What is being asked
Under this line are records; the part from the line containing "路虎发现神行中期改款车型更名" through the line containing "秋季一脚蹬透气薄款圆头飞织布鞋女软底舒适妈妈鞋时尚百搭懒人鞋" should be repeated exactly. Please exclude pictures.

[Input for this task Boundary: Start]

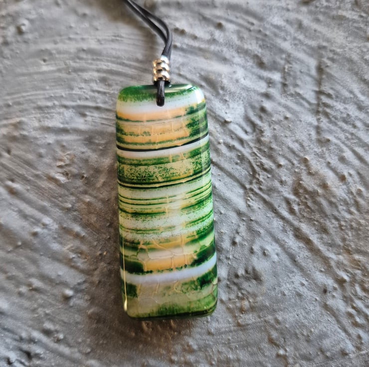 Green and yellow fire agate oblong stone on Black leather cord with stainless steel connector and slider
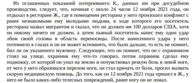 Руслан же говорил, что Николай с друзьями назвал его «мигрантом» и потребовал с него за что-то вернуть 100 долларов, хотя они даже не были знакомы, а затем ударил лбом в лицо. После этого, по словам Руслана, у него потемнело в глазах и он не помнит, бил ли дальше незнакомца.
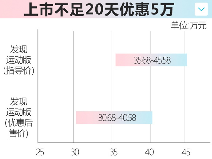 路虎发现神行中期改款车型更名为“路虎发现运动版 (配置|询价)”,于今年2月14日正式上市,共推出5款车型,售价区间为35.68万元-45.58万元。网上车市从捷豹路虎经销商处了解到:目前路虎发现运动版现金优惠幅度达5万元。此前捷豹路虎产品在国内市场就有着较大的优惠幅度,被消费者戏称“七折豹八折虎”,发现运动版作为一款中期改款车型,至少还将有3-4年的生命周期,随着时间的推移,预计优惠幅度还将增大。
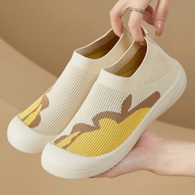 秋季一脚蹬透气薄款圆头飞织布鞋女软底舒适妈妈鞋时尚百搭懒人鞋
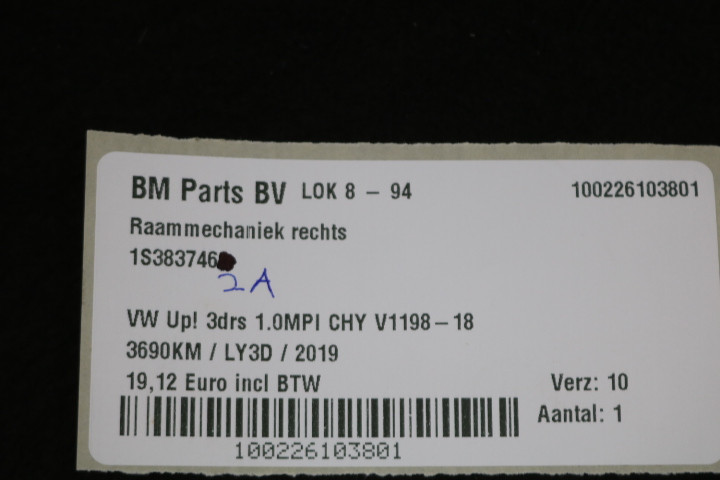 Raammechaniek rechts VW UP! FL
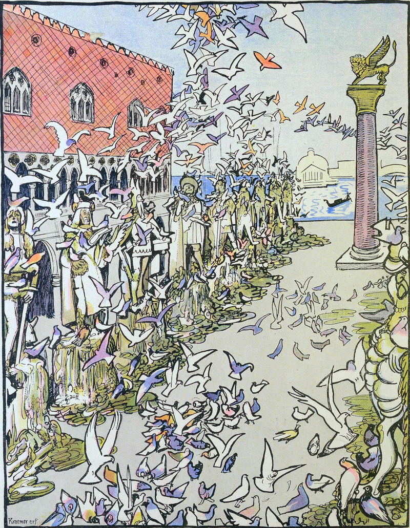 It's hard to make out, but beneath the bird droppings is Venice.  From Lustige Blätter, 1907.
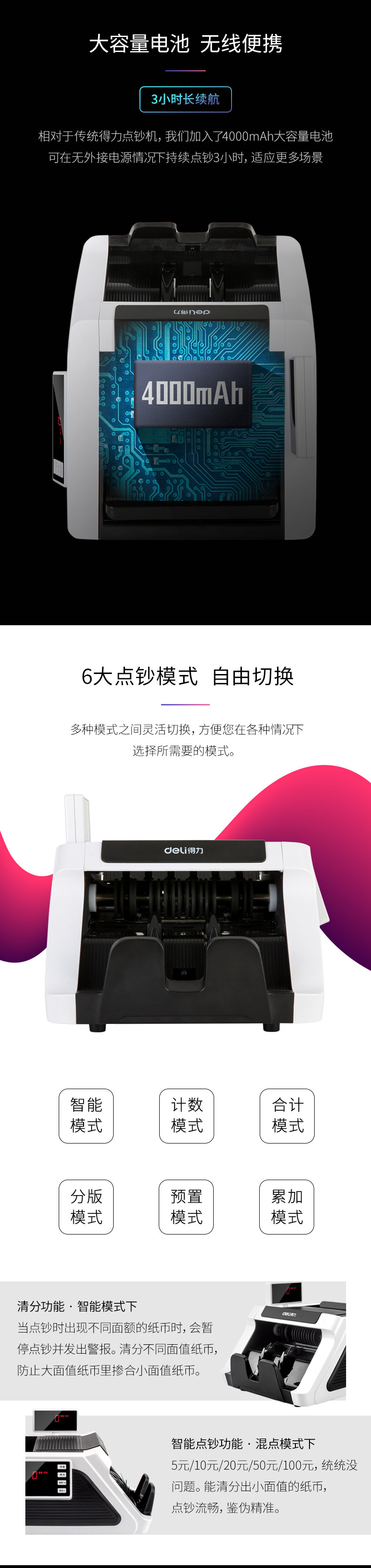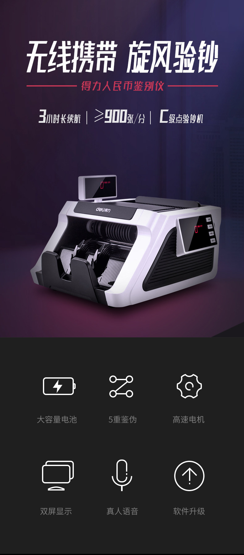 Deli 2170 Banking Office Special Model Model New RMB Portable Banknote Inspection Match
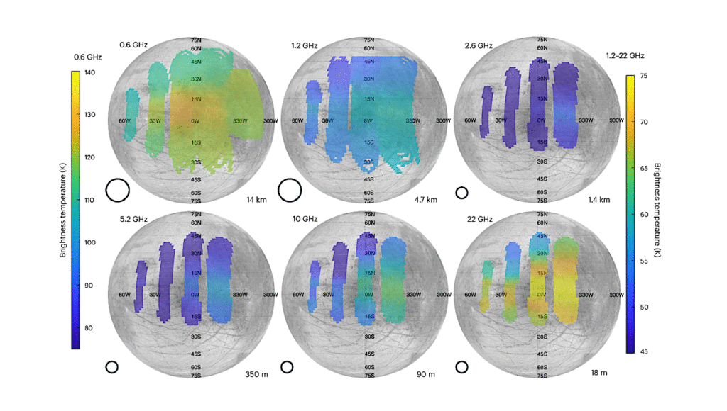 On Sept. 29, 2022, Juno came within about 220 miles (360 kilometers) of Europa’s frozen surface. During the flyby, MWR collected data on about half the moon’s surface, peering beneath the ice to measure its temperatures at various depths.
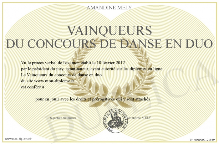 Envoyez par email votre Vainqueurs du concours de danse en duo personalisé
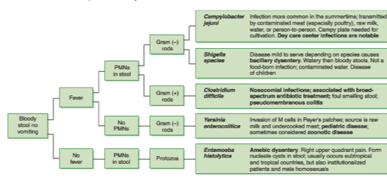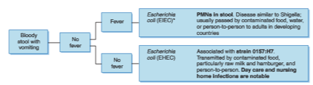bloody stool with vomiting w/ no fever or no fever what are the bugs?
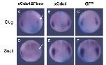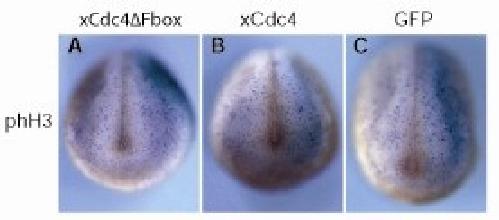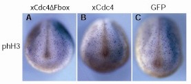 Figure 7. xCdc4δFbox does not affect the cell cycle. xCdc4δFbox or xCdc4 mRNA (1 ng) was injected into one cell of two-cell-stage embryos. GFP mRNA (1 ng) was injected as a control, and β-gal mRNA was injected as a lineage tracer (light blue unilateral staining). Whole mount antibody staining against phH3 was performed to detect mitotic cells. The average percentage difference in the number of mitotic cells on the injected side, compared to the uninjected side, was calculated as indicated in Materials and methods. Representative embryos are shown (anterior view, dorsal up, injected side right).
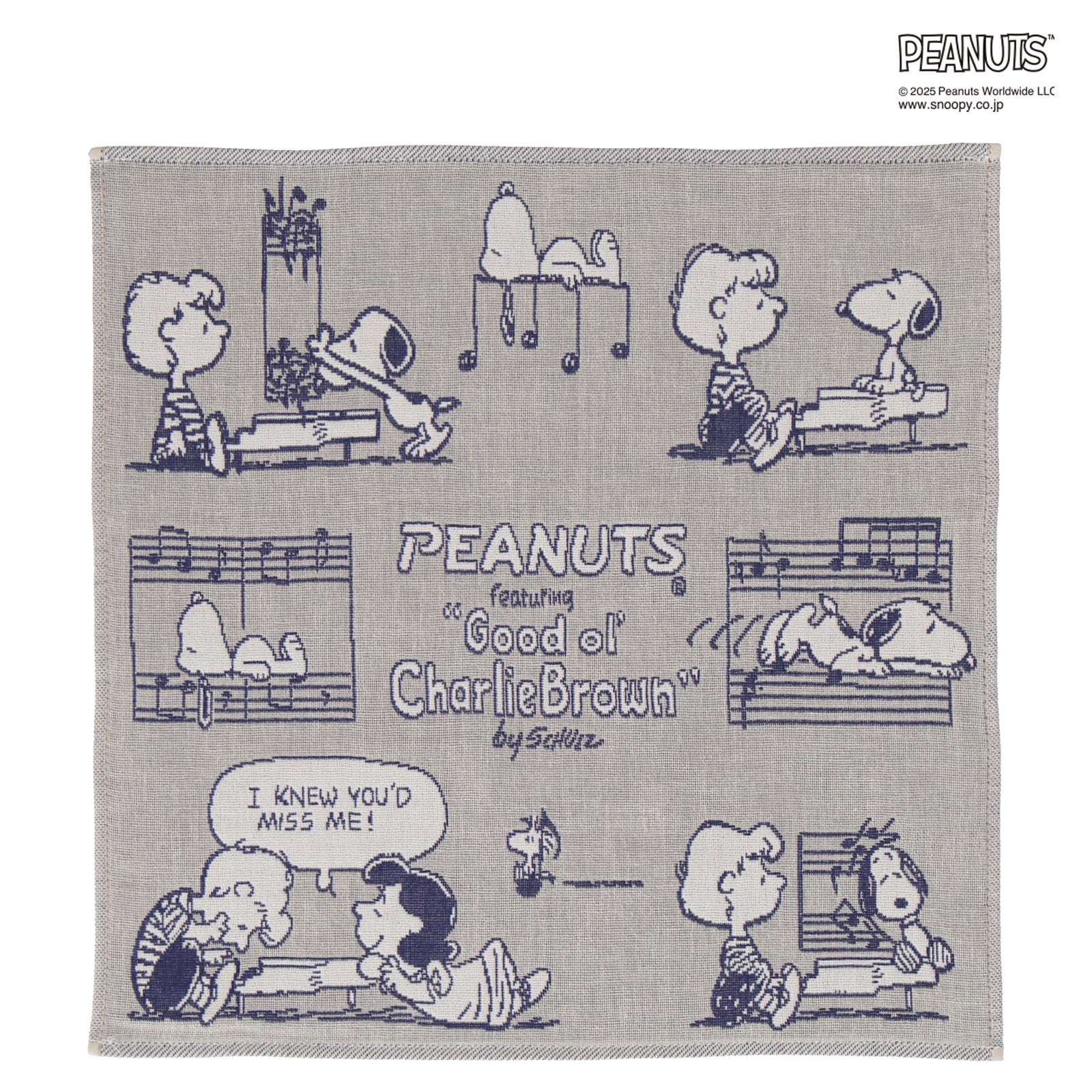 音符で遊んでいるスヌーピーが可愛らしい3重ガーゼハンカチ。プレゼントにもおすすめです。
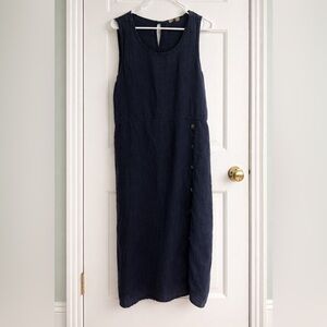 Effortless and timeless navy linen dress by Lungo L’arno in size 1X. This sleeveless midi features a relaxed silhouette, scoop neckline, and subtle side button detailing for a touch of understated charm.
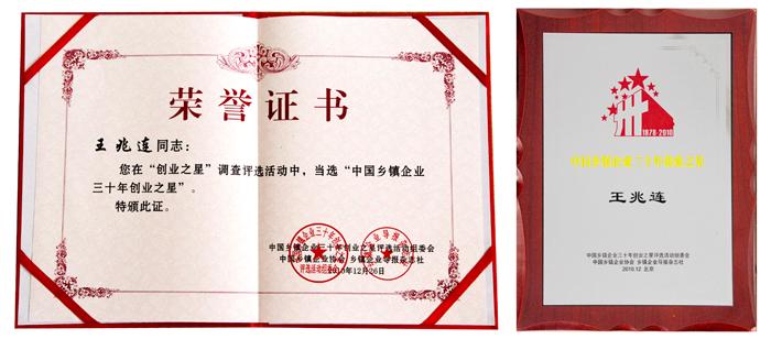 為表彰對(duì)鄉(xiāng)鎮(zhèn)企業(yè)發(fā)展做出突出貢獻(xiàn)的企業(yè)領(lǐng)軍人物,樹(shù)立行業(yè)典范,促進(jìn)鄉(xiāng)鎮(zhèn)企業(yè)持續(xù)健康快速發(fā)展,經(jīng)鄉(xiāng)鎮(zhèn)企業(yè)導(dǎo)報(bào)雜志社提名,人民日?qǐng)?bào)人民網(wǎng)、中國(guó)鄉(xiāng)鎮(zhèn)企業(yè)協(xié)會(huì)的大力支持,聯(lián)合首都多家新聞媒體,經(jīng)網(wǎng)絡(luò)民意初選,綜合評(píng)選組委會(huì)權(quán)威專家意見(jiàn),通過(guò)程序報(bào)請(qǐng)批準(zhǔn),公司董事長(zhǎng)兼總經(jīng)理王兆連被評(píng)為“中國(guó)鄉(xiāng)鎮(zhèn)企業(yè)三十年創(chuàng)業(yè)之星”。

[Input for this task Boundary: End]

Expected answer
 路虎发现神行中期改款车型更名为“路虎发现运动版 (配置|询价)”,于今年2月14日正式上市,共推出5款车型,售价区间为35.68万元-45.58万元。网上车市从捷豹路虎经销商处了解到:目前路虎发现运动版现金优惠幅度达5万元。此前捷豹路虎产品在国内市场就有着较大的优惠幅度,被消费者戏称“七折豹八折虎”,发现运动版作为一款中期改款车型,至少还将有3-4年的生命周期,随着时间的推移,预计优惠幅度还将增大。
 秋季一脚蹬透气薄款圆头飞织布鞋女软底舒适妈妈鞋时尚百搭懒人鞋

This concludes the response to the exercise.